■ **Records contained in a dataset**

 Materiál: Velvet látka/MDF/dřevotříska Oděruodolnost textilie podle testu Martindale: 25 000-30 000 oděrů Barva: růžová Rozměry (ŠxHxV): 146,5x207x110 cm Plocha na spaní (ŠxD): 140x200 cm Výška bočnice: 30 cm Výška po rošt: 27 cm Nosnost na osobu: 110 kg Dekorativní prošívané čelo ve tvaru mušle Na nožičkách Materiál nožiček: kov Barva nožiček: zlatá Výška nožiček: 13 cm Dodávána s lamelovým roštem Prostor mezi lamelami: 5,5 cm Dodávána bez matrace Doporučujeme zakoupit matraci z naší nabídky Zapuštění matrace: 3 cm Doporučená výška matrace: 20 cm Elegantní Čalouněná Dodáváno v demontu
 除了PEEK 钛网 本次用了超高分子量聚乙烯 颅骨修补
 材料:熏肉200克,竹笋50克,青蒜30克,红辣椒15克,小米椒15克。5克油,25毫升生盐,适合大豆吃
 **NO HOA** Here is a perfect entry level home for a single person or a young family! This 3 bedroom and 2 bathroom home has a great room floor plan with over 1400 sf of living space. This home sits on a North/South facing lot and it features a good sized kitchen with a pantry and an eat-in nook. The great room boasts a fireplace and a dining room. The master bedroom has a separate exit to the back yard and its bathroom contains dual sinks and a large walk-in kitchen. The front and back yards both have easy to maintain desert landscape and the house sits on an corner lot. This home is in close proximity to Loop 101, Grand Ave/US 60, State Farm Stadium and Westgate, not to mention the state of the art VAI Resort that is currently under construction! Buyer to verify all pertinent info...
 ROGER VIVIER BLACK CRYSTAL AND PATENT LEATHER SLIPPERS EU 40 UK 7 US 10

* * *

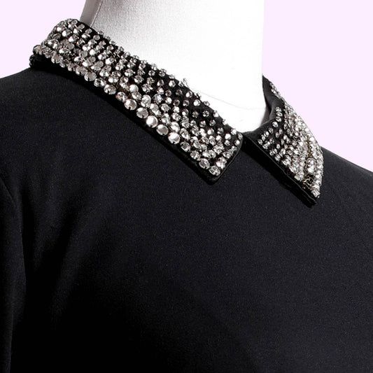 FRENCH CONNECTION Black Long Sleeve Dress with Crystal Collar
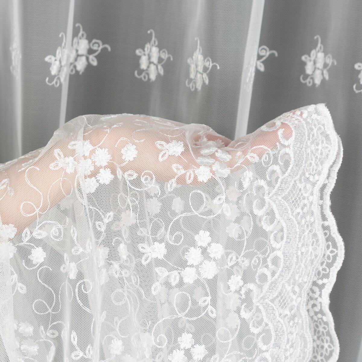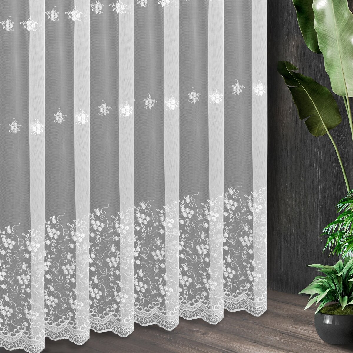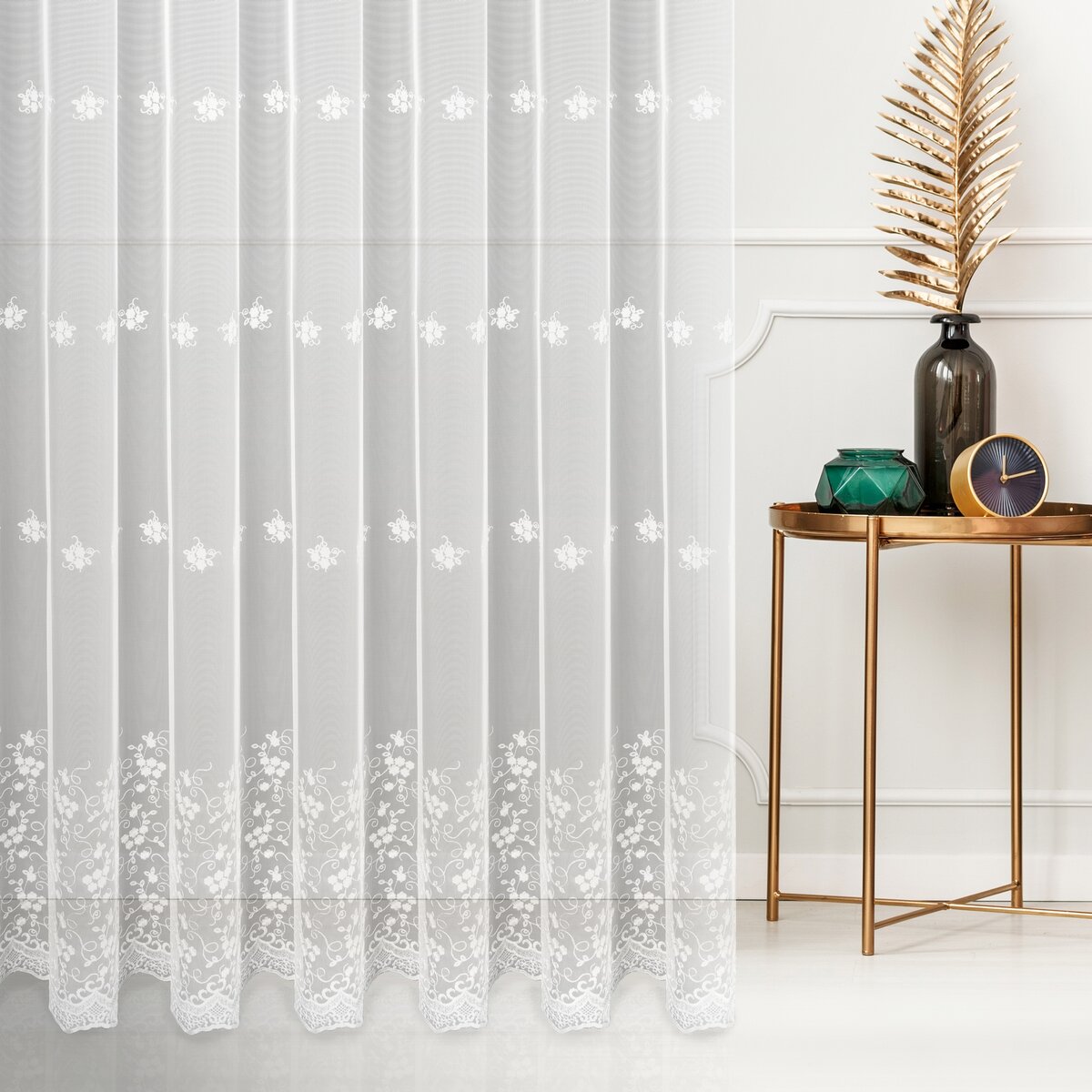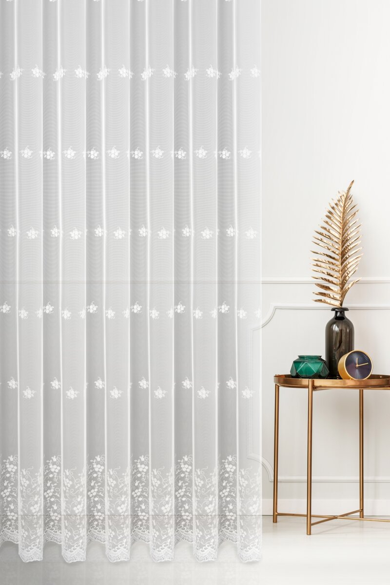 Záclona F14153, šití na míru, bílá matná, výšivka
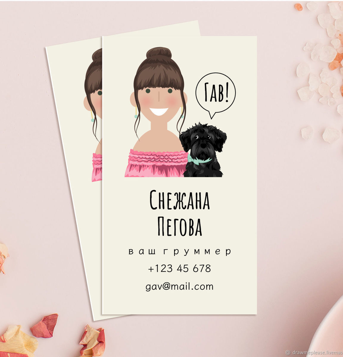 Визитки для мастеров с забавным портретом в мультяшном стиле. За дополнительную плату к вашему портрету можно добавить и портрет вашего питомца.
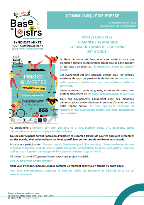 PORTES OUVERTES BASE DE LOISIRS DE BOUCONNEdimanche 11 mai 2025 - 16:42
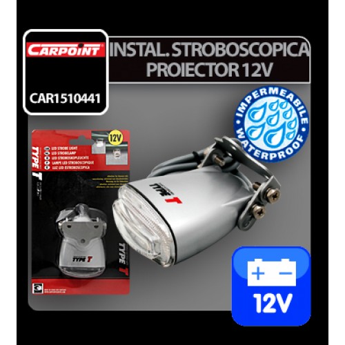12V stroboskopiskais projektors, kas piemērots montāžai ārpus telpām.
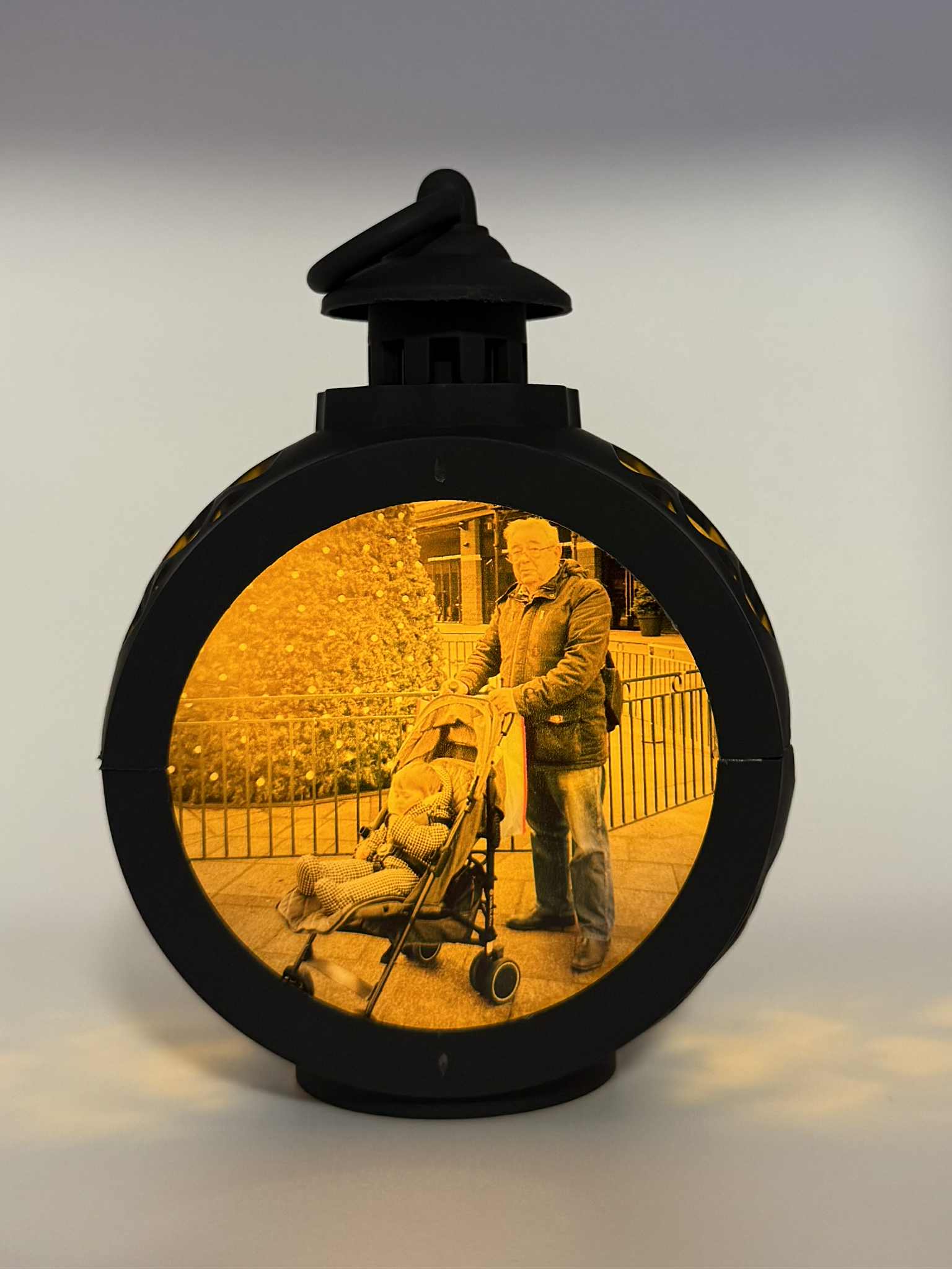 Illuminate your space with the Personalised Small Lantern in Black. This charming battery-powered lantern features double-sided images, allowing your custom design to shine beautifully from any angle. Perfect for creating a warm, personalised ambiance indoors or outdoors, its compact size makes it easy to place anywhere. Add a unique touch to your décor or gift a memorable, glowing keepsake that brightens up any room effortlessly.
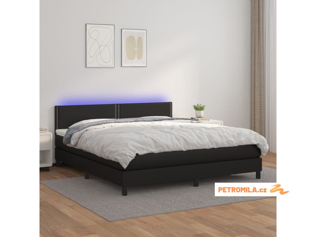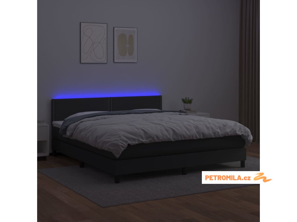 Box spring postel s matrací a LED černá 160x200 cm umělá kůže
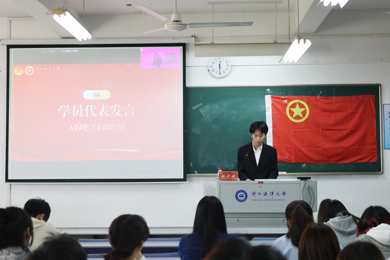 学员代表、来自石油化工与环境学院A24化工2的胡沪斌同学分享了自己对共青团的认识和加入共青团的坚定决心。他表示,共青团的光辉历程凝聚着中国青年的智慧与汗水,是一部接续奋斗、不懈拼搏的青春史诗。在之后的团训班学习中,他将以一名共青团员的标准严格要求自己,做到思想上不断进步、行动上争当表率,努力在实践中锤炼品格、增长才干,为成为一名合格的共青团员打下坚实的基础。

■ **The problem**
The response must repeat exactly the lines above from the one with "PORTES OUVERTES BASE" through the one with "学员代表、来自石油化工与环境", including both, and must contain no pictures and no other text.

■ **Answer to this problem**
 PORTES OUVERTES BASE DE LOISIRS DE BOUCONNEdimanche 11 mai 2025 - 16:42
12V stroboskopiskais projektors, kas piemērots montāžai ārpus telpām.
 Illuminate your space with the Personalised Small Lantern in Black. This charming battery-powered lantern features double-sided images, allowing your custom design to shine beautifully from any angle. Perfect for creating a warm, personalised ambiance indoors or outdoors, its compact size makes it easy to place anywhere. Add a unique touch to your décor or gift a memorable, glowing keepsake that brightens up any room effortlessly.
 Box spring postel s matrací a LED černá 160x200 cm umělá kůže
 学员代表、来自石油化工与环境学院A24化工2的胡沪斌同学分享了自己对共青团的认识和加入共青团的坚定决心。他表示,共青团的光辉历程凝聚着中国青年的智慧与汗水,是一部接续奋斗、不懈拼搏的青春史诗。在之后的团训班学习中,他将以一名共青团员的标准严格要求自己,做到思想上不断进步、行动上争当表率,努力在实践中锤炼品格、增长才干,为成为一名合格的共青团员打下坚实的基础。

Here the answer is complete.